> _What you need to do_
Leave the pictures out, and transcribe the material below exactly from the line with "1、三消拼图:游戏的核心玩法" to the line with "196 og image1915, Junk", both lines included.

> _Available records_
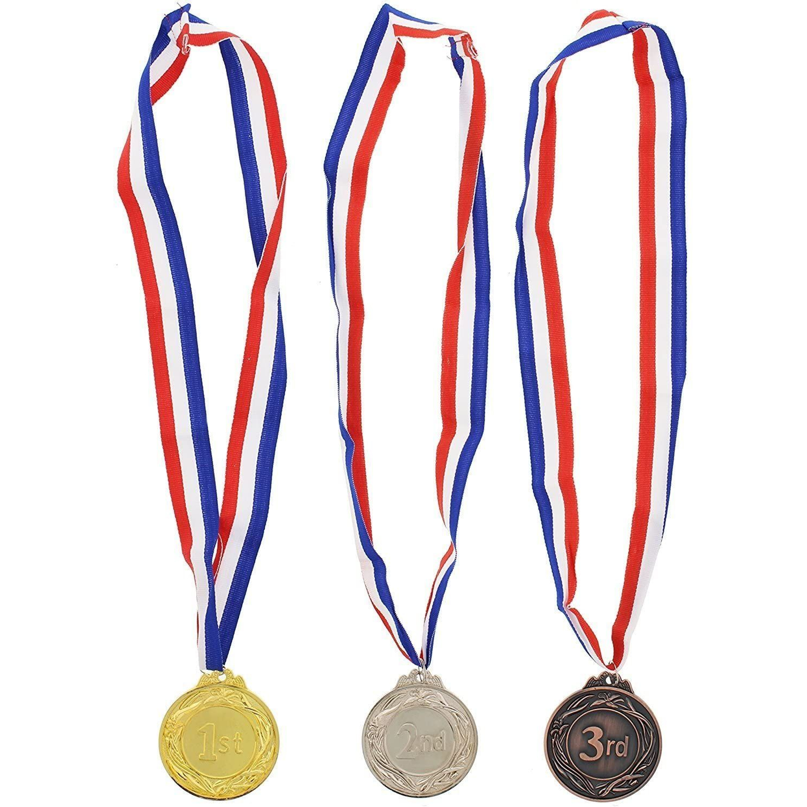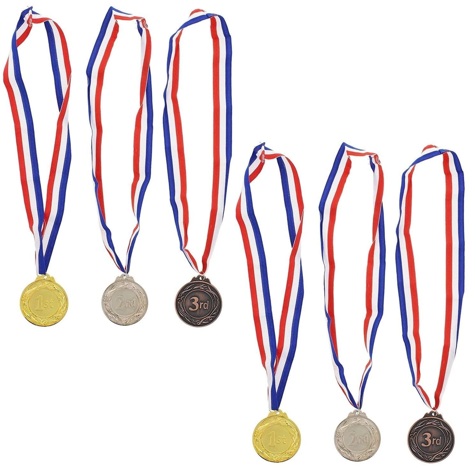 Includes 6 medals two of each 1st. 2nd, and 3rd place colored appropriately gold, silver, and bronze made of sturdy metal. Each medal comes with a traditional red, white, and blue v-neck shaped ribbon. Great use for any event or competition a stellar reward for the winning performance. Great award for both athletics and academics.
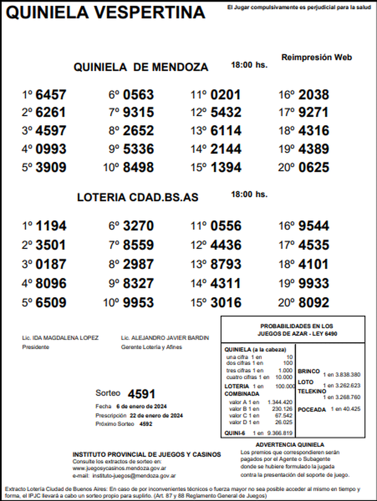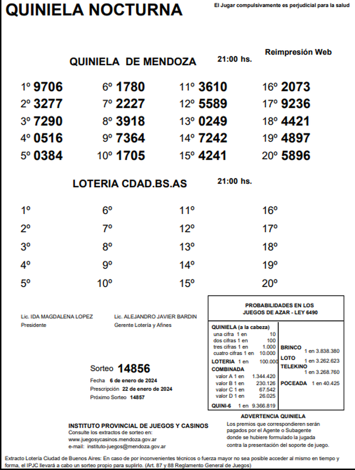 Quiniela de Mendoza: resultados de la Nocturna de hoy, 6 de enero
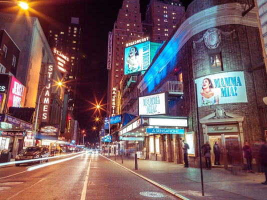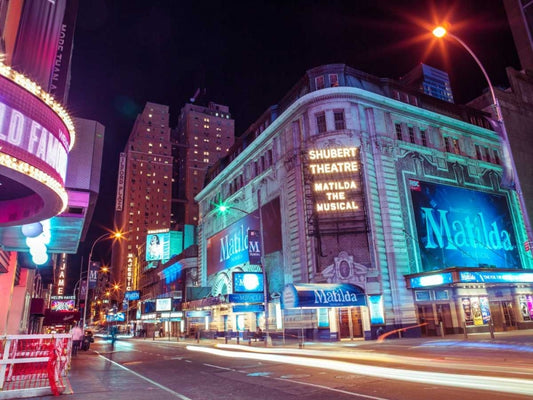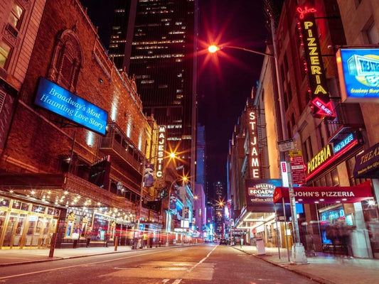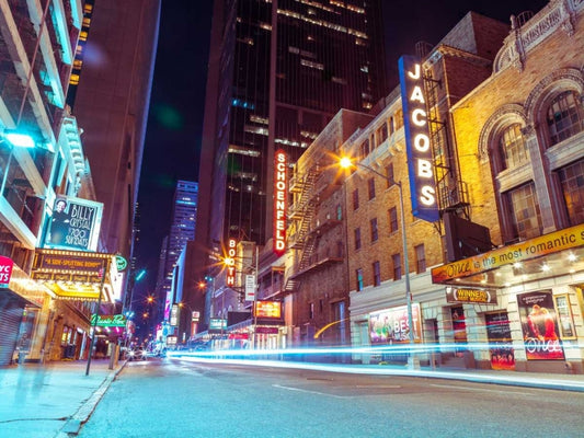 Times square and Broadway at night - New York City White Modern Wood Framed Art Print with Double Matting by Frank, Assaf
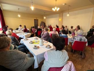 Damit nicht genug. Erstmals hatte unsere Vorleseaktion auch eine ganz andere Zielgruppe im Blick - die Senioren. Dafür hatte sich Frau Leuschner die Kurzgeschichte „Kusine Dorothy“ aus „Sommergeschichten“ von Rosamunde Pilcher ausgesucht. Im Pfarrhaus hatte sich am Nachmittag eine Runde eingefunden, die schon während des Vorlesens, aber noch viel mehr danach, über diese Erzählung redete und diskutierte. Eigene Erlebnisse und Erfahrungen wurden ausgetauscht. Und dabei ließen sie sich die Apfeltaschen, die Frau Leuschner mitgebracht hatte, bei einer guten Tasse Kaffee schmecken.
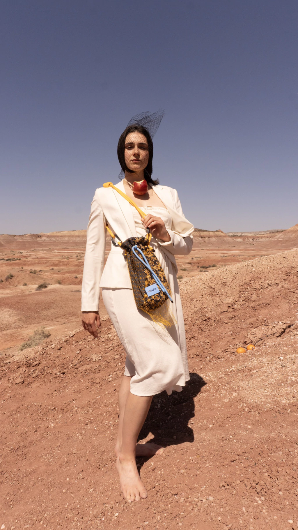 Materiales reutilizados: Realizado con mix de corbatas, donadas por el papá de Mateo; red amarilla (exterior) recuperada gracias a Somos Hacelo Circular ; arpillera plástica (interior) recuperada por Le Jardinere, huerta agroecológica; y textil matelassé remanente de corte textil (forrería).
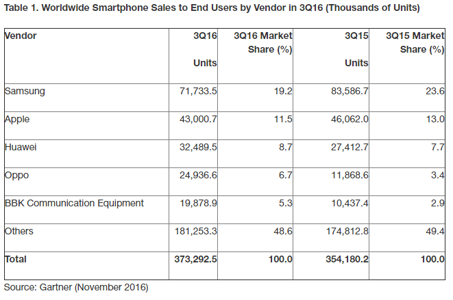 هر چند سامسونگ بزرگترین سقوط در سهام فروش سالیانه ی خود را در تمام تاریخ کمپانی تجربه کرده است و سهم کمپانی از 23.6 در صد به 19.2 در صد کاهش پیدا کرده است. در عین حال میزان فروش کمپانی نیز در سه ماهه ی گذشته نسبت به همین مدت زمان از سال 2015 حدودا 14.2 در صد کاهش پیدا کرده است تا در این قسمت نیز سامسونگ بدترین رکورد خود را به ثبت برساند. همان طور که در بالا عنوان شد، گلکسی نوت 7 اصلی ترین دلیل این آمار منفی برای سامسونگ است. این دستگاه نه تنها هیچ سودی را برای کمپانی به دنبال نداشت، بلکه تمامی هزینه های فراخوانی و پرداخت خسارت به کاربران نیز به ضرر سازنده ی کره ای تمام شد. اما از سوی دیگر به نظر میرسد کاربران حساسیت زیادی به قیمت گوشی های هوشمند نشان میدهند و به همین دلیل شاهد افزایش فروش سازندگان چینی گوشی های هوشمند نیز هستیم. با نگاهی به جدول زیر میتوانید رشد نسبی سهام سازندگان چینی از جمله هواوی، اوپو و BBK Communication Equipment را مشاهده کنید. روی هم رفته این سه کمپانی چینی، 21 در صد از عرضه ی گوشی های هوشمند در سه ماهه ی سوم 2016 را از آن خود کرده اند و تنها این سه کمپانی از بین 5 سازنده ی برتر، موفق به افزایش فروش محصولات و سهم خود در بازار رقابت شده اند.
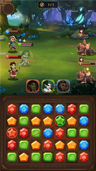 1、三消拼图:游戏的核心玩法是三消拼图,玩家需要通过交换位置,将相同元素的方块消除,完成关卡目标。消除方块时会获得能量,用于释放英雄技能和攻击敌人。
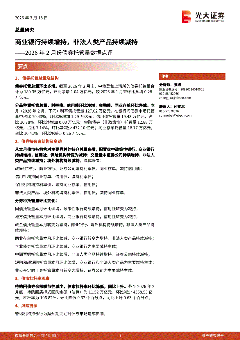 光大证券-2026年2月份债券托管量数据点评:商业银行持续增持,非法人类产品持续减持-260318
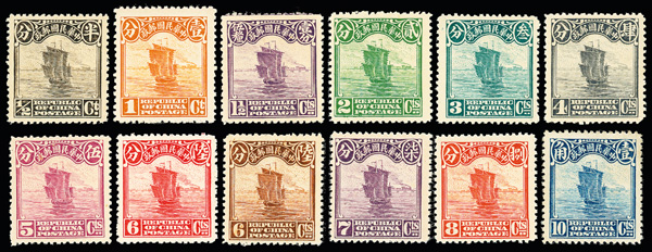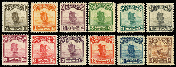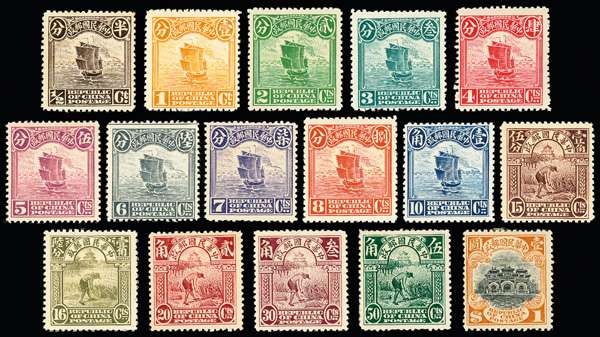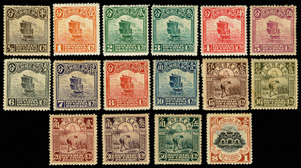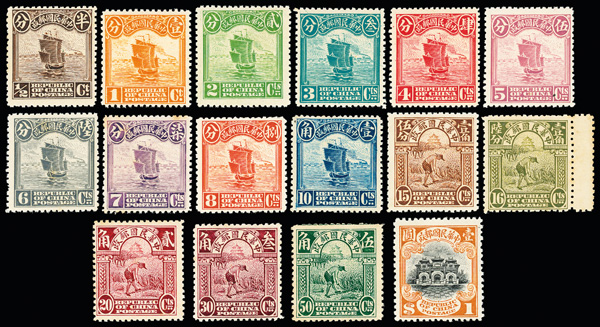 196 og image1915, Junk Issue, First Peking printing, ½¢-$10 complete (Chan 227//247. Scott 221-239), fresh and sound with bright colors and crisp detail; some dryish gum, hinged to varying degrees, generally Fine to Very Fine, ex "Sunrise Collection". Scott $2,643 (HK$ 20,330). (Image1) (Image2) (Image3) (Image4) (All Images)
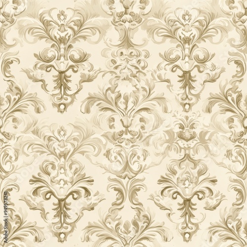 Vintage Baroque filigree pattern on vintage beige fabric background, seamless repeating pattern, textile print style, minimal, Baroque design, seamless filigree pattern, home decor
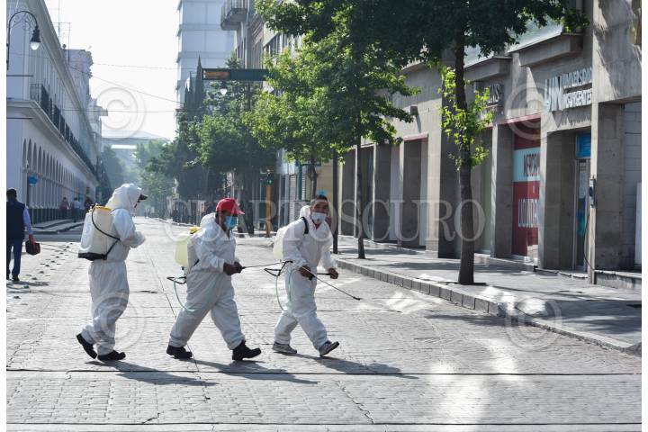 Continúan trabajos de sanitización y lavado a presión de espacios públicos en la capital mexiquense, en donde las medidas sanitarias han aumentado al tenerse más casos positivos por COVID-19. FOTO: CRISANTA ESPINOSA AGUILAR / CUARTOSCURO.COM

---

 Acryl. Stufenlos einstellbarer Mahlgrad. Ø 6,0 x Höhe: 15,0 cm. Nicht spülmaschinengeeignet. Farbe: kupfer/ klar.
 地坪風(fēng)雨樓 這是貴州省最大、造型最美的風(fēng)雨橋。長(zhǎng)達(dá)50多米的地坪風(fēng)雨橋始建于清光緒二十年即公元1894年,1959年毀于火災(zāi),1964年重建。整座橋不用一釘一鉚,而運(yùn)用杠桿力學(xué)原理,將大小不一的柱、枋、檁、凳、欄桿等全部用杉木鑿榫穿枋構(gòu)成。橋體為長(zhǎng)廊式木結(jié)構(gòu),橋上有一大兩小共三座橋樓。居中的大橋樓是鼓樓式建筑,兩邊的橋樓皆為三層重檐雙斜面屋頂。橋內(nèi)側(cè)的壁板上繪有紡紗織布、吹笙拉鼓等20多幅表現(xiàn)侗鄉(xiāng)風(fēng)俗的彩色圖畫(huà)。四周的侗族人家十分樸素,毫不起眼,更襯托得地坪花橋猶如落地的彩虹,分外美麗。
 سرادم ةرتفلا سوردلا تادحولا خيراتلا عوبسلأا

> _Result of this exercise_
 1、三消拼图:游戏的核心玩法是三消拼图,玩家需要通过交换位置,将相同元素的方块消除,完成关卡目标。消除方块时会获得能量,用于释放英雄技能和攻击敌人。
 光大证券-2026年2月份债券托管量数据点评:商业银行持续增持,非法人类产品持续减持-260318
 196 og image1915, Junk Issue, First Peking printing, ½¢-$10 complete (Chan 227//247. Scott 221-239), fresh and sound with bright colors and crisp detail; some dryish gum, hinged to varying degrees, generally Fine to Very Fine, ex "Sunrise Collection". Scott $2,643 (HK$ 20,330). (Image1) (Image2) (Image3) (Image4) (All Images)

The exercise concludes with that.